### Given information
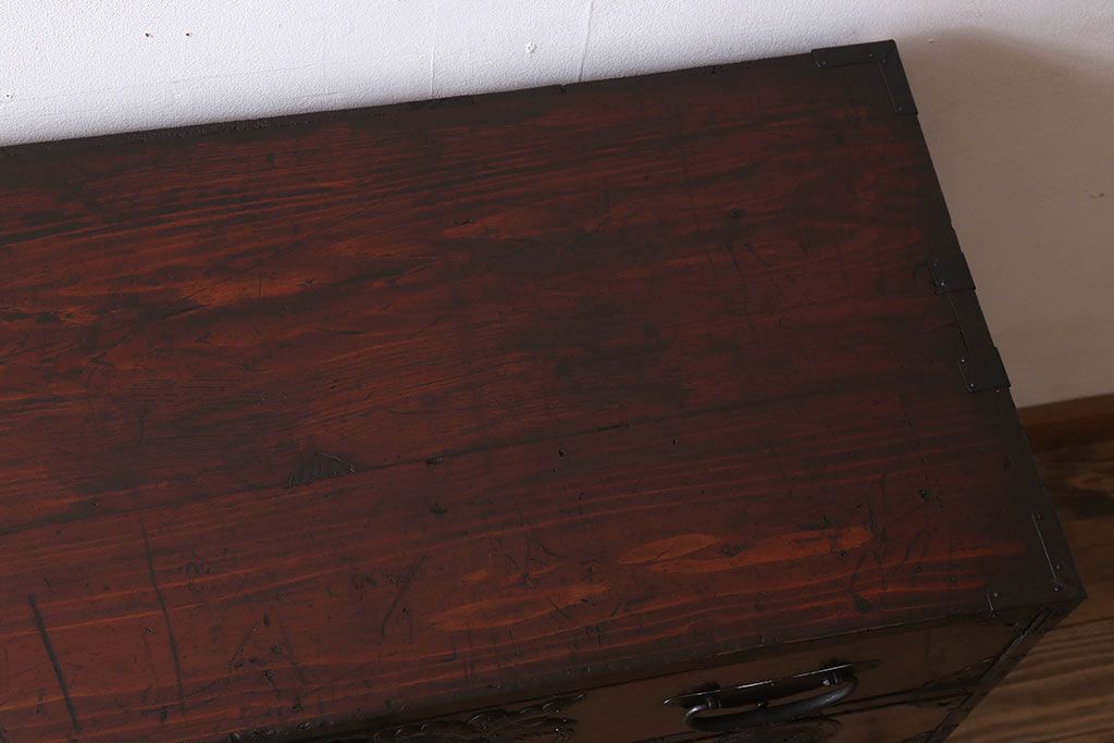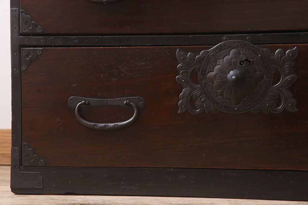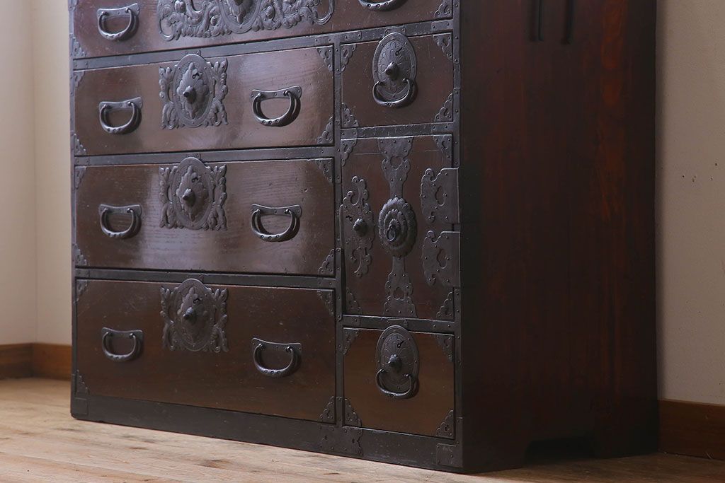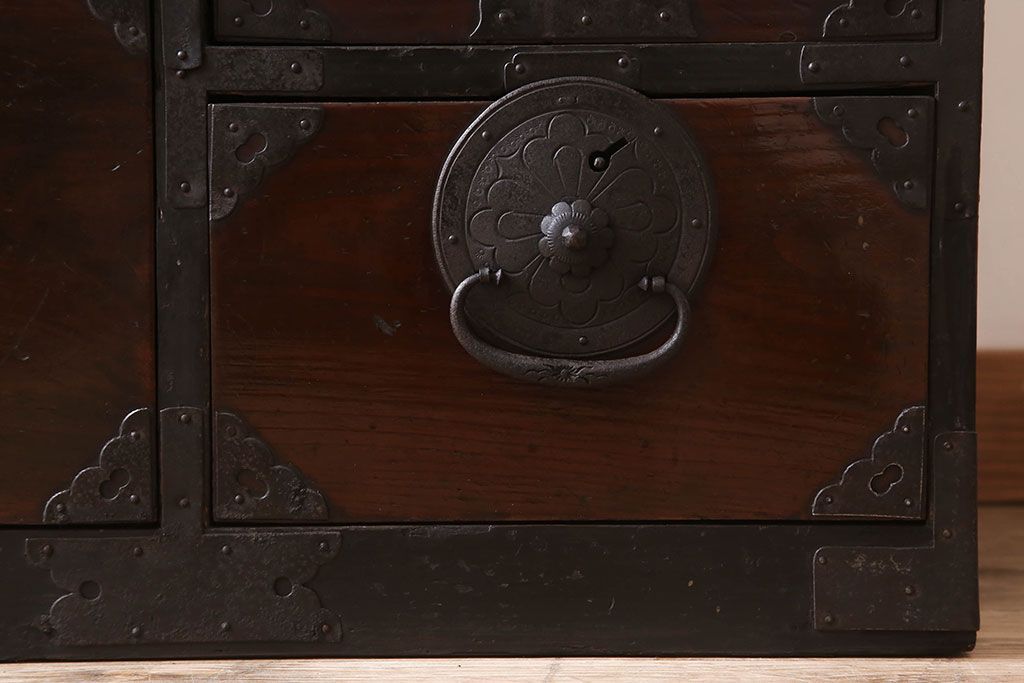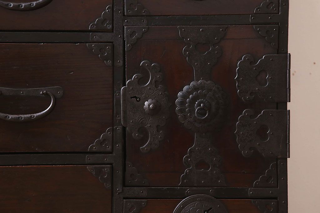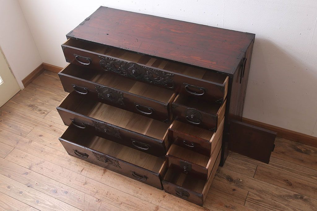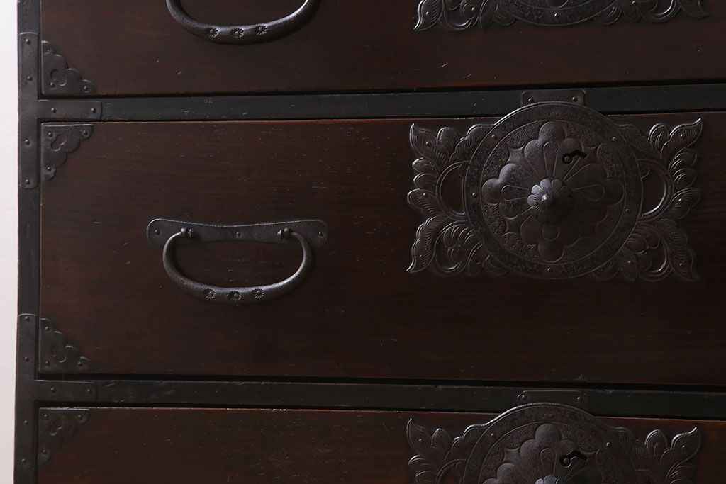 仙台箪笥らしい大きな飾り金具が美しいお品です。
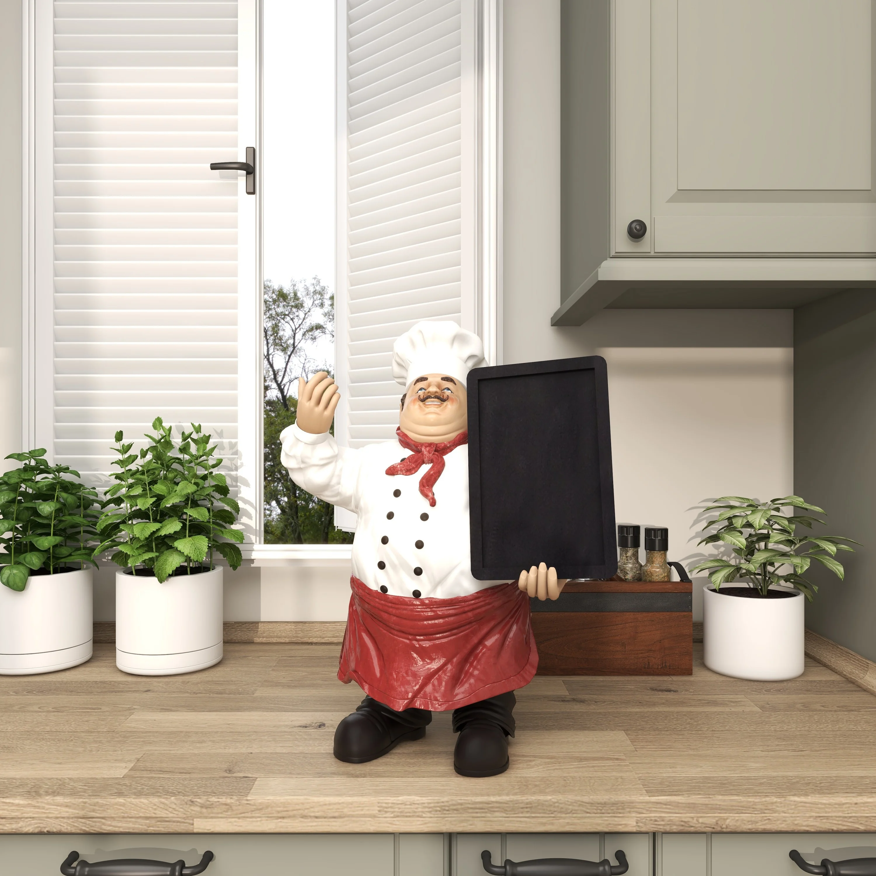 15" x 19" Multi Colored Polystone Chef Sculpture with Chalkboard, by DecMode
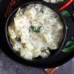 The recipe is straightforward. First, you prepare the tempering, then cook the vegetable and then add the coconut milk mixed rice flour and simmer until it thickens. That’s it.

### About this exercise
In transcribing the listing, keep each word as it is and drop the pictures.

### Your response
 仙台箪笥らしい大きな飾り金具が美しいお品です。
 15" x 19" Multi Colored Polystone Chef Sculpture with Chalkboard, by DecMode
 The recipe is straightforward. First, you prepare the tempering, then cook the vegetable and then add the coconut milk mixed rice flour and simmer until it thickens. That’s it.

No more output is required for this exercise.